In this study, we demonstrate that the genomic context is highly relevant given the orthology in lepidopteran patterning regions and the fact that the Ws mutation appears to influence three nearby genes that do not fall within the 100-kb mapping interval. The apparent involvement of clustered genes in similar processes suggests the existence of a supergene. B. mori is the most advanced model Lepidoptera, thereby facilitating interpretation in a genomic context.

Materials and methods

Insects

The Bm (Bm/Bm; +Ws/+Ws) and the Ws (+Bm/+Bm; Ws/Ws) used No. 908 (National Institute of Agrobiological Sciences, Tsukuba, Japan) and u42 (Kyushu University, Fukuoka, Japan), respectively. The wild type (+Bm/+Bm; +Ws/+Ws) were p50T (University of Tokyo, Bunkyo-ku, Japan) and p50 (Kyushu University) (Figure 1a). BC1 progeny from the cross p50T × (p50T × No. 908) and p50T × (p50T × u42) were used for mapping Bm and Ws, respectively. The offspring from the cross p50T × (u42 × No. 908) were used for the recombination analysis between Bm and Ws. All of the silkworm larvae were reared on mulberry leaves at 25 °C.
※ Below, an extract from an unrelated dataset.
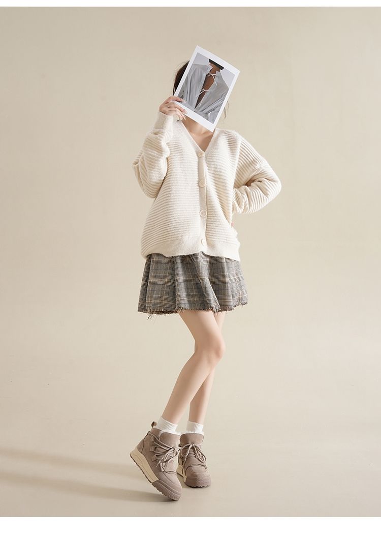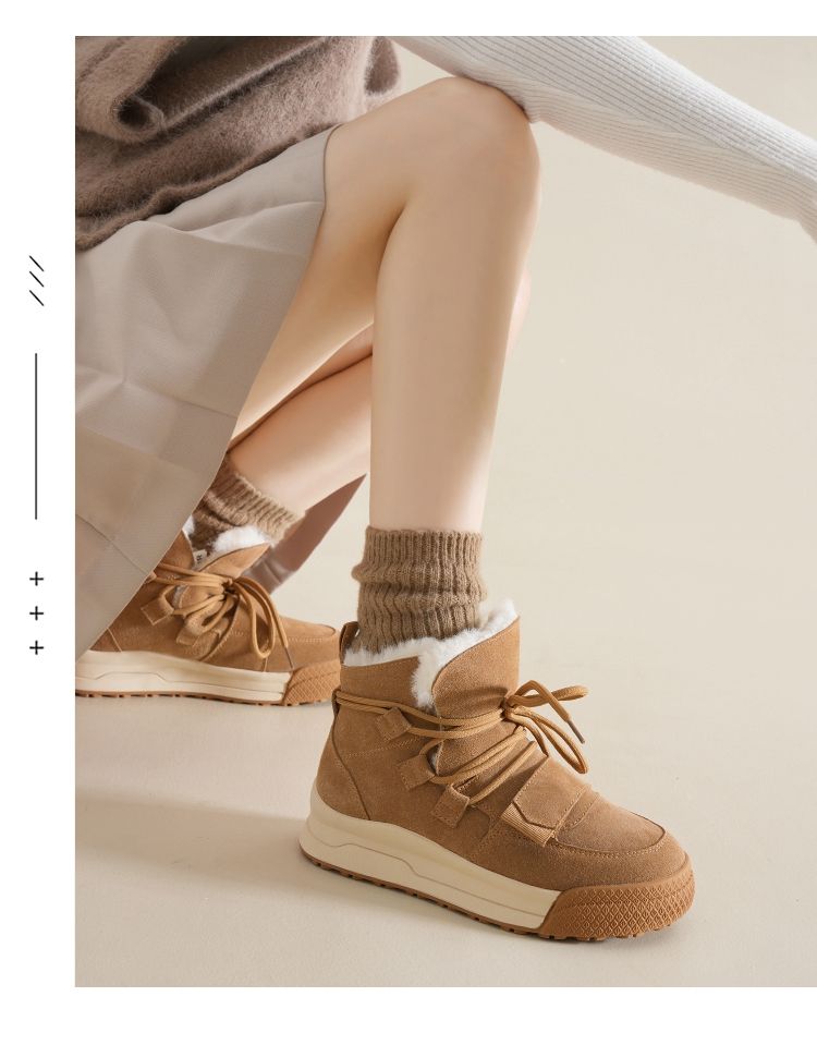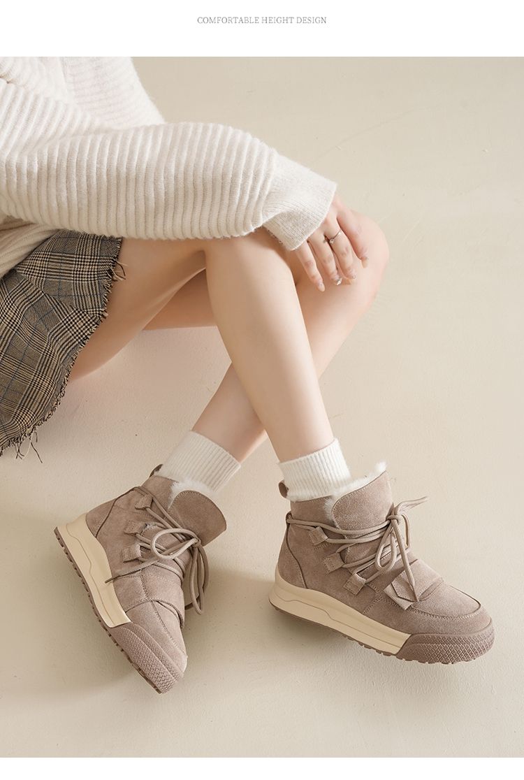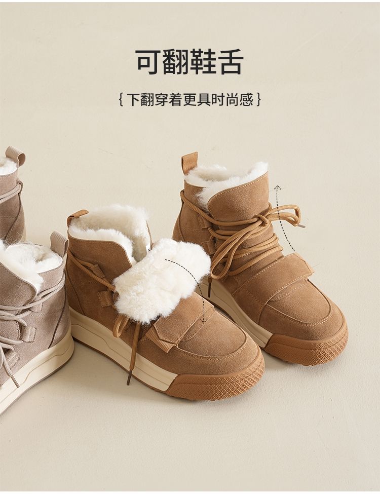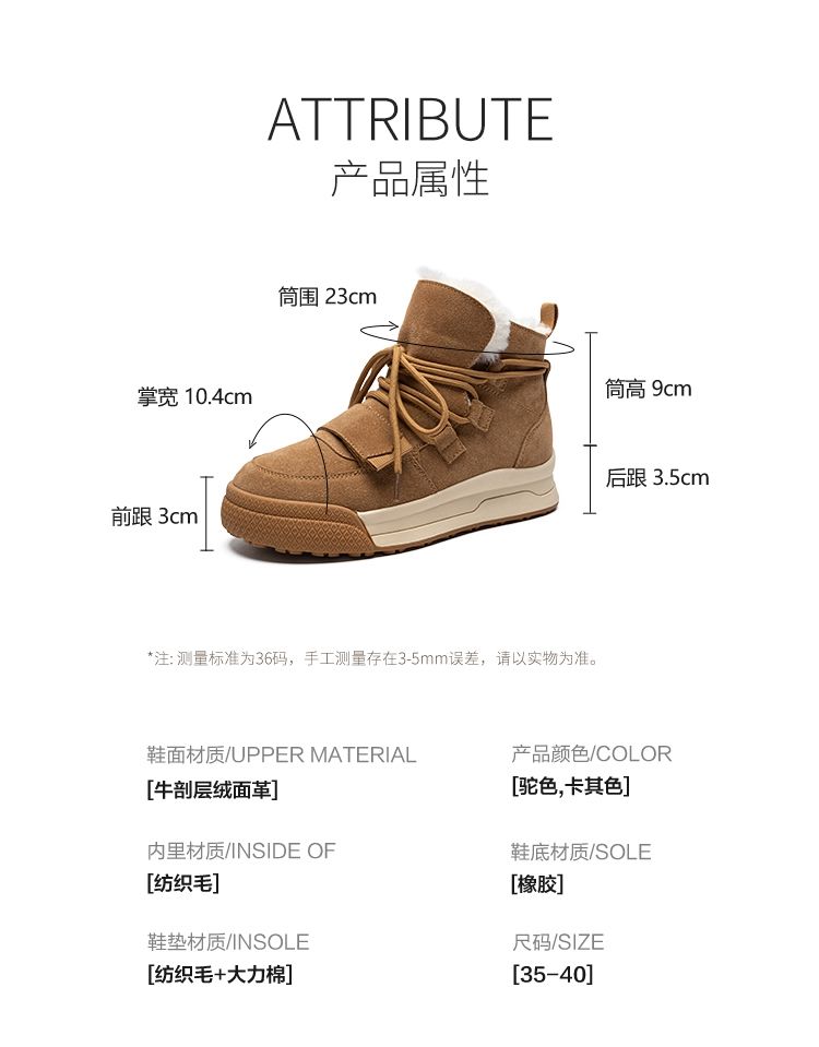 ZHR雪地靴女2023新款冬季厚底短筒靴大头萌趣休闲百搭魔术贴棉鞋

In the screening of BC1, the Bm and Ws phenotypes present themselves clearly in males, while mutant females can be hard to distinguish from wild type. Therefore, we only used males in the analysis.

Preparation for genomic DNA and PCR analysis

DNA was isolated from moth legs using DNAzol (Invitrogen, Carlsbad, CA, USA) according to the manufacturer’s protocol. PCR was performed using Ex Taq DNA Polymerase (Takara Bio, Otsu, Japan) and the primer sets are listed in Supplementary Table S1. The PCR conditions were as follows: initial denaturation at 94 °C for 2 min followed by 35 cycles of denaturation at 94 °C for 15 s, annealing at 60 °C for 15 s and extension at 72 °C for 1 or 3 min with a final incubation step at 72 °C for 4 min.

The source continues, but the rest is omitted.